**What you are asked to do:** From the listing below, restate word for word the lines from the line containing "摩洛哥系列双人长枕头荞麦壳夫妻枕" down through the line containing "(1)arp –a //显示本机缓存表中记录,可能由多个接口使用ARP,显示每个ARP表项". Exclude pictures.

**Records supplied:**
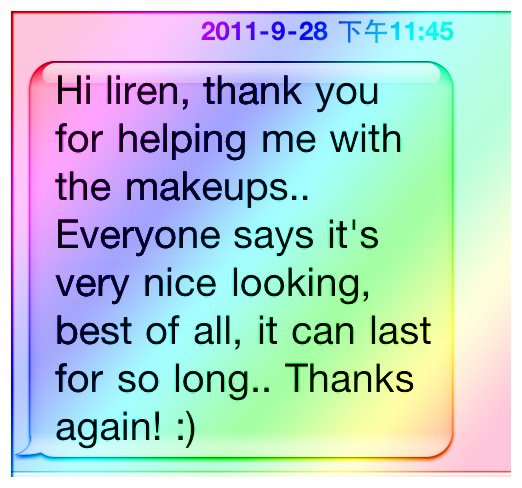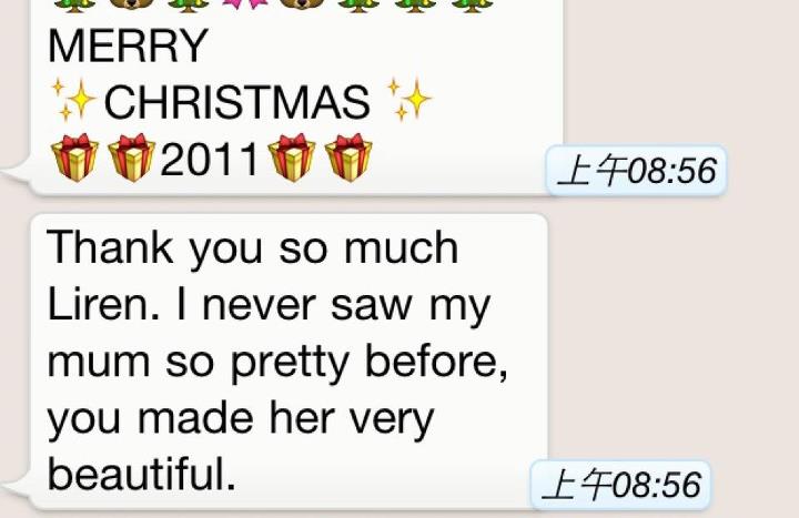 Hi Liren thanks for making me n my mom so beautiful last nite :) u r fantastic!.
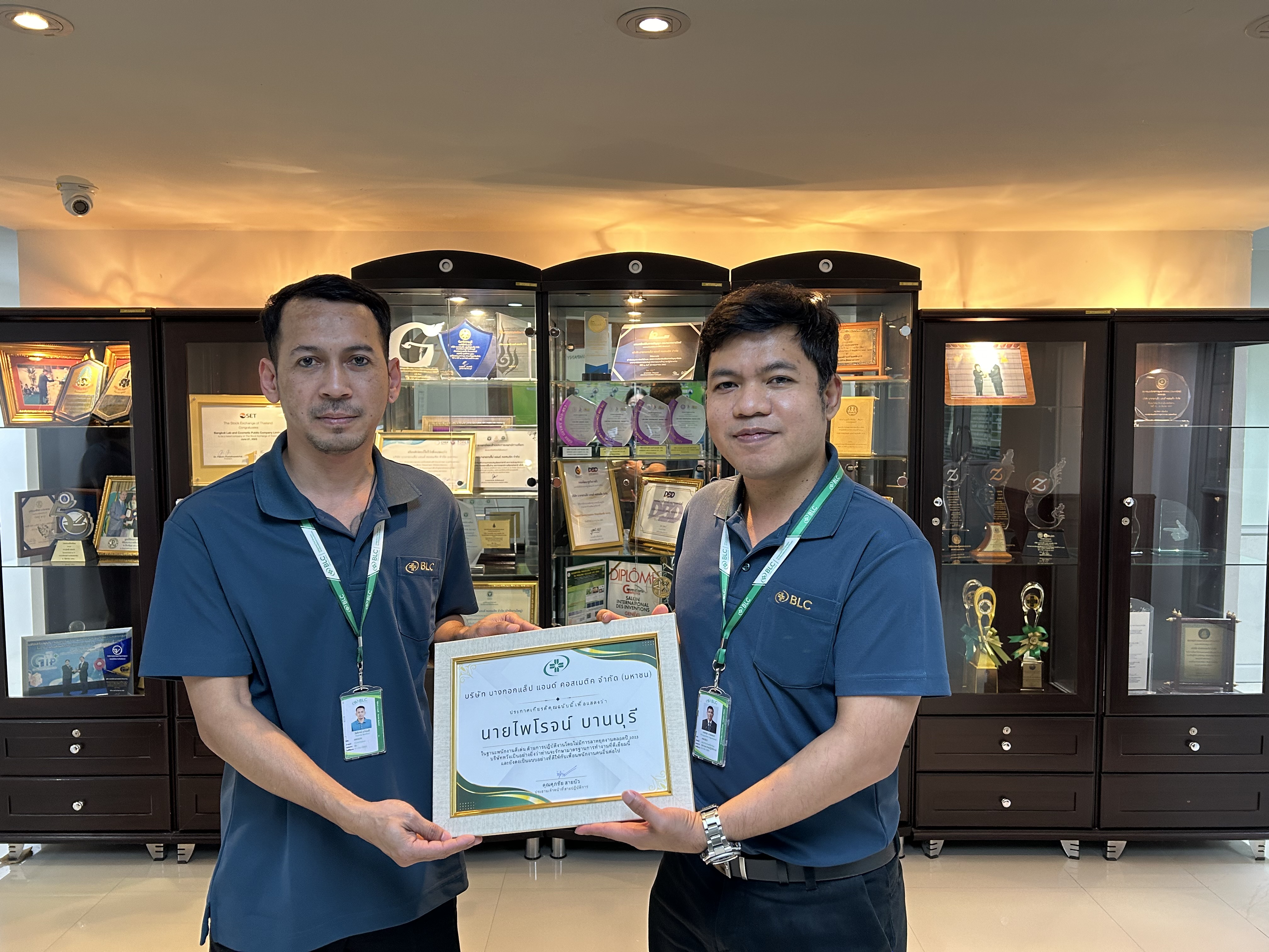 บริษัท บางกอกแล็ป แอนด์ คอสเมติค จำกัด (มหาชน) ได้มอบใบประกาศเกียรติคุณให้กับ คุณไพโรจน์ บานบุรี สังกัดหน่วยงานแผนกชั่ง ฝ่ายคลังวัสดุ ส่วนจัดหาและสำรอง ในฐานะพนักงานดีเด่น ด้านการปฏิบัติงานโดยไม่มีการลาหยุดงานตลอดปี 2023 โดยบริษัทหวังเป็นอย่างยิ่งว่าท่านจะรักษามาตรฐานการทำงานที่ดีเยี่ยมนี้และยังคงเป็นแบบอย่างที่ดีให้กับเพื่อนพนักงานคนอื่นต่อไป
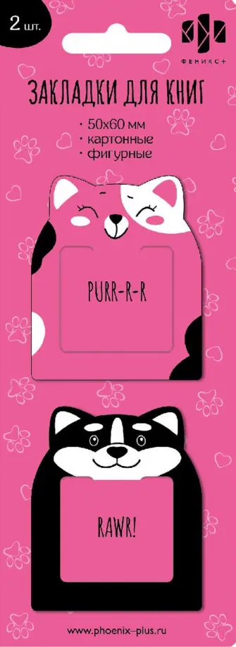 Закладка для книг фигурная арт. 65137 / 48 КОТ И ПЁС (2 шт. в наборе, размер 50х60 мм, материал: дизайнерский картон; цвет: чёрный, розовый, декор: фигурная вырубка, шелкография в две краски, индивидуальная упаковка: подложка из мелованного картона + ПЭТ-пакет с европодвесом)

* * *

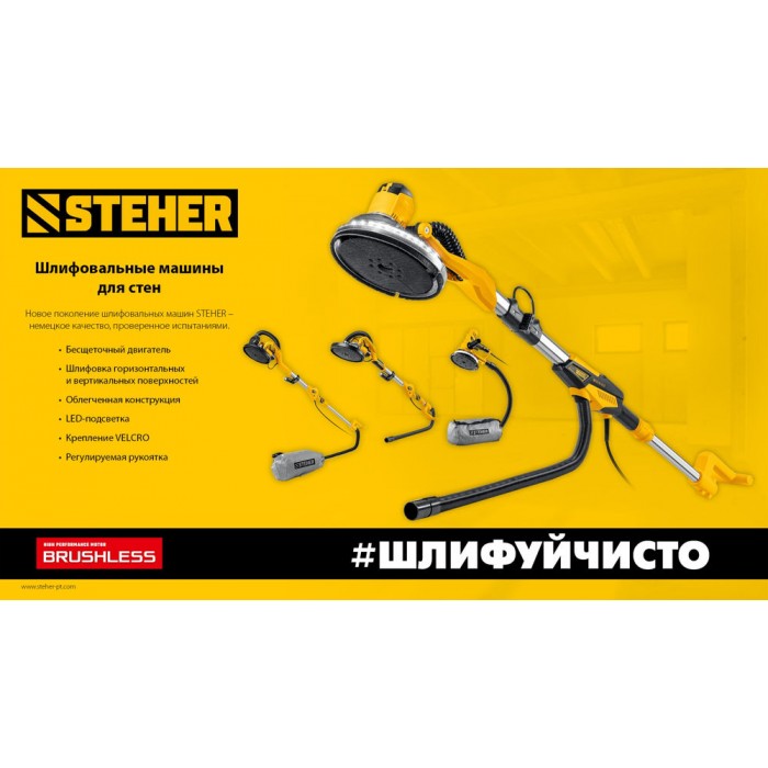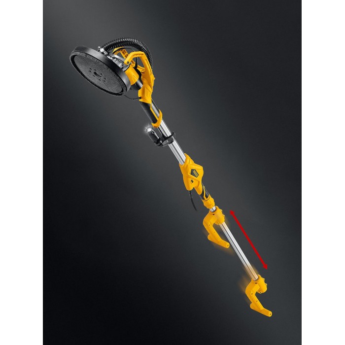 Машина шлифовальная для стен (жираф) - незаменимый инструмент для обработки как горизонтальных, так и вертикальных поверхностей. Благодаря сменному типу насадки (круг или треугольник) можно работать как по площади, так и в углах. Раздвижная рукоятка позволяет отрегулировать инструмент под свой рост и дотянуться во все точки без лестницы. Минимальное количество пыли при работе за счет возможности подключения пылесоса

...

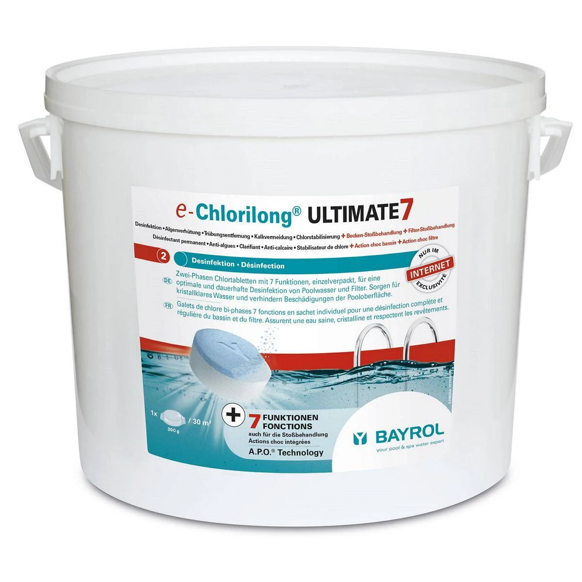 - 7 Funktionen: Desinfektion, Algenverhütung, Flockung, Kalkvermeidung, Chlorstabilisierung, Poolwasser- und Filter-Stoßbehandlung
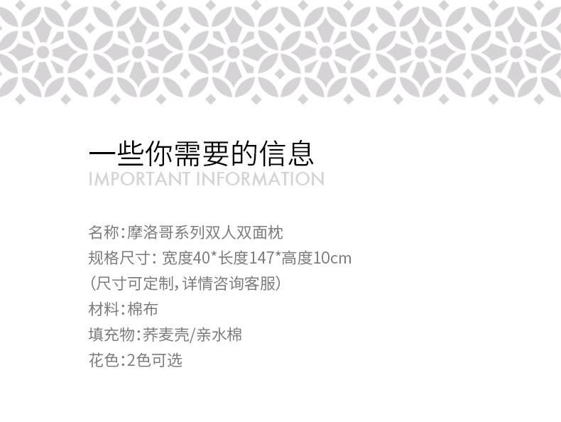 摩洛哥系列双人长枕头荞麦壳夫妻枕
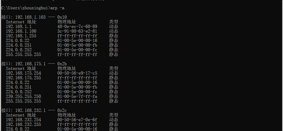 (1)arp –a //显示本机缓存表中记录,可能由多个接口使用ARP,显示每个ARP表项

**The answer:**
 摩洛哥系列双人长枕头荞麦壳夫妻枕
 (1)arp –a //显示本机缓存表中记录,可能由多个接口使用ARP,显示每个ARP表项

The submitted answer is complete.